The coach also seemed to be a bit disappointed with the lackluster performance of the people who were really struggling through this and I could see him cross off something on his clipboard every once in a while, most likely the numbers of some people.

But from the people who I had guessed would make it past the first day of the tryouts there was a particular group alongside me that seemed to be doing good. It was Jay, Tom, Vincent and Terry, the group that approached me before tryouts started. They seemed mostly ok guys I guess, though I haven't really gotten to know them enough to really say. They honestly seemed like the most athletic guys in the tryouts and there were only a few who seemed to be around there and my level. There was a clear divide here.

That was probably just how it was, and it made sense. Not everybody was willing to put in the work.

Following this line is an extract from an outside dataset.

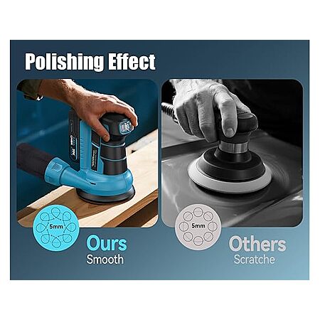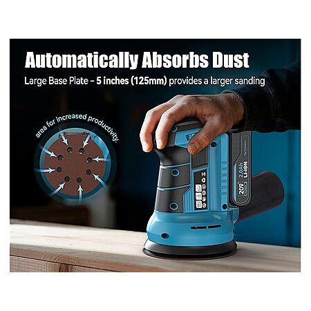 Tilswall 20V cordless orbital sander is equipped with a high-performance motor delivering 7,000–11,000 OPM variable speed. This palm sander tool offers precise control for different materials, from quick material removal to smooth finishing.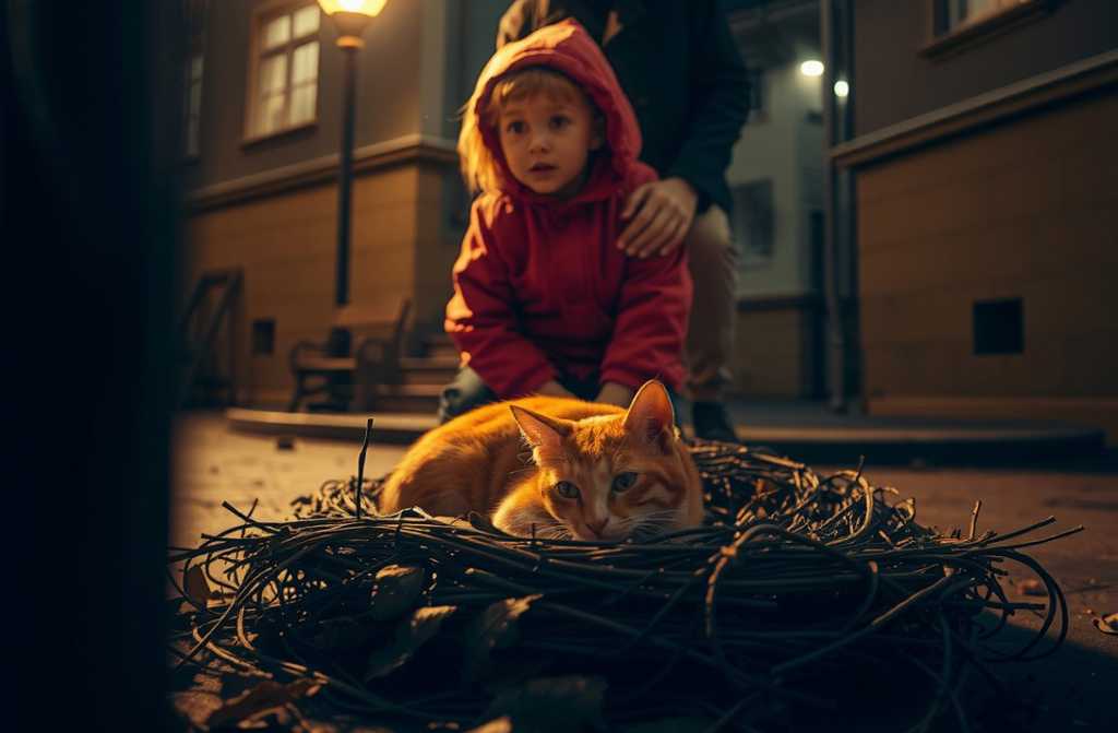 Ma la bambina già si era avvicinata, e scavando tra le foglie trovò lui: il gatto rosso.

Nothing particular happened besides my thinking and exercising during that hour however, so I walked out of the gym a bit bored and without a clear idea of what I wanted to do. I could go back to the Soul Forge and continue with trying to make a motion detector that actually worked. Though, I kind of wanted to relax or try something different for some reason. Maybe I could hang out with Percy and Grover for a bit.

I started walking casually away from the gym and out of the small crowd of people however, I heard my name get called making me turn around to see Jay standing behind me. “Hey, me and the guys were wondering if you wanted to come hang with us for a bit?” Jay asked casually, gesturing to the other three who were standing and talking with each other down just to the side of the swarm of exhausted kids that were exiting through the gym doors.

I considered his offer for a second. I mean, I am honestly pretty sure that I would be on a basketball team with these guys soon so it would probably be a good thing to get to know these guys a bit. Plus they asked me to go so honestly it would be pretty rude if I didn't go. Another plus is the fact that I honestly didn't have any plans in particular.

“Sure, why not.” I accepted his offer with a smile, and walked with him to where the other guys were standing. The stream of students leaving the gym seemed to have ended as I walked over, as I noticed the hallway was mostly empty at this point. “So, what do you guys normally do?” I ask once we rejoined with each other, looking around the small circle that we seemed to have formed once me and Jay caught up. The others didn't really seem to know how to respond to my question, but Jay answered with a wry grin. “Well… how do you feel about leaving the school for a bit to get something good to eat? I could use some ice cream.” He asked, with a look that told me that yes, he knew that we were explicitly told we were not allowed to leave the school grounds, and no he did not care.

I could get behind that though. I didn't particularly care much about that particular rule either.

I gave a grin in response to his question, “That sounds as good a plan as any.” I acknowledge and as a group we started walking towards the back of the stream of students to head outside and into the city again. Now that I think about it, I don't think I have had ice cream in this world as of yet. Finally having some would be a good change of pace.